Coffee v. Hon. Ryan-Touhill (CA1 6/20/19)

Rule 42.1(e) allows a change of judge “if the appellate decision requires a new trial.” What if the decision requires re-holding an evidentiary hearing?

After what sounds like a somewhat idiosyncratic evidentiary hearing the family court ordered a change in a parenting plan. Father took special action. The Court of Appeals accepted it and granted relief, ruling that the order “cannot stand” because Father was denied due process. It directed the trial court to hold a proper hearing, allowing Father to present certain evidence. Father then moved in the trial court for change of judge under Rule 42.1 (e) (remand for new trial). The judge denied it, opining that the Court of Appeals didn’t “reverse” her and didn’t order a new trial, and also that there was no evidence that she had any “ill-feelings” toward Father. Father again took special action. The trial judge (whose evident unwillingness to reconsider her ruling regardless of any new evidence did her cause no favors) apparently then suggested that she could not hold a hearing until the Court of Appeals revested jurisdiction.

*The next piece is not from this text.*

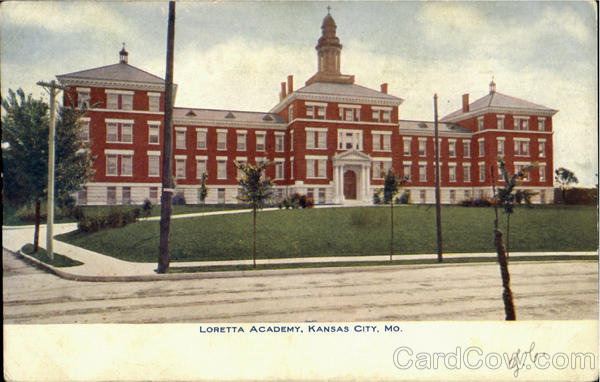 Front: LORETTA ACADEMY, KANSAS CITY, Mo. g.. Back: Publ. by Webb-Freyschlog Merc. Co. FOREIGN, TWO CENTS. THIS SIDE FOR THE ADDRESS.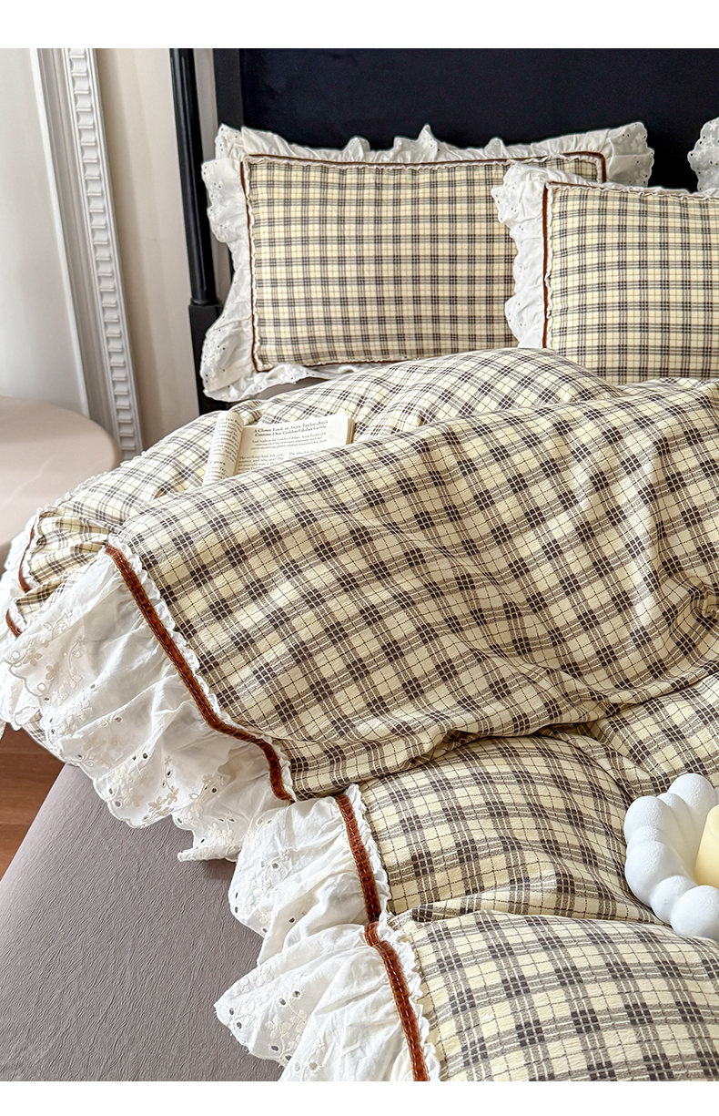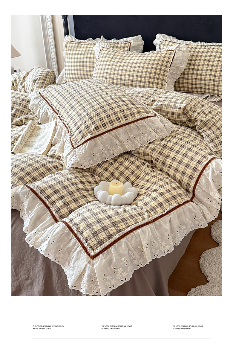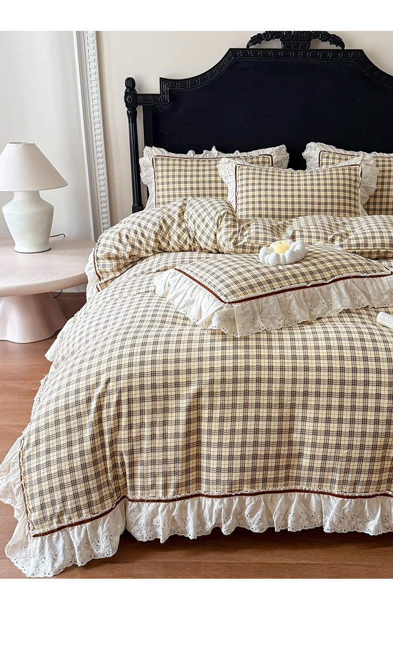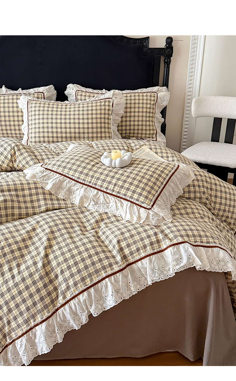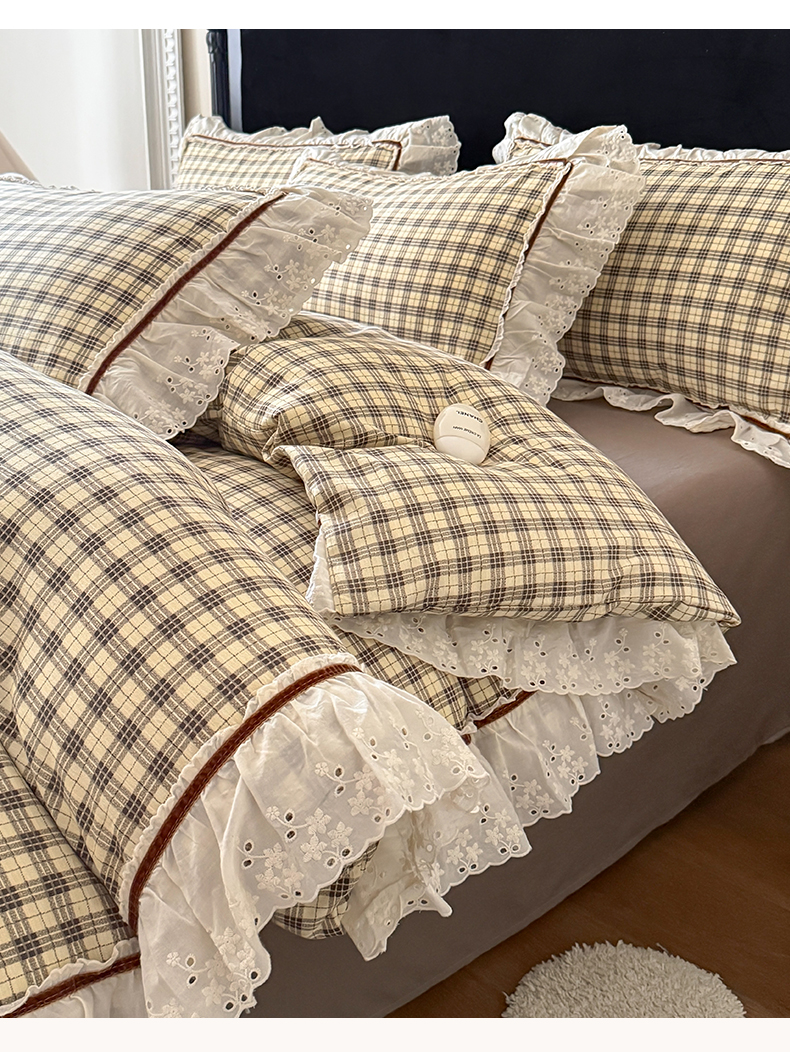 当前位置: 91家纺网 > 商品网购 > 床品套件 > 四件套 > 其它四件套 > 你好美丽 2026新款韩版刺绣水洗沐格简麻花边系列四件套 沐格咖小格

The Court of Appeals accepts the special action.

Before addressing Rule 42 it discusses the jurisdictional question. It points out that a special action does not divest the trial court of jurisdiction. This is pure dicta — the action did not raise the question and everybody here had jurisdiction — but it seems that even trial judges need to be reminded. (So in theory the trial court could have held the new hearing since Father had not obtained from the Court of Appeals an order staying it. But as a practical matter the judge was in no hurry to do anything.)

Then the court grants relief. “Trial” includes a contested evidentiary hearing. Directing the lower court to “revisit the same . . . issue based on the same factors and new evidence” is the same as requiring a new trial. The rule requires no magic words such as “reversed” or “new trial.”

Nor does it require proof of judicial animus. “Actual bias is not required.” The potential for subconscious bias is enough.

The rule does require a “remand.” Although jurisdiction is not remanded in a special action, since the trial court does not lose it, “an order granting relief and directing additional evidentiary proceedings to redo an earlier proceeding is the functional equivalent of a remand.”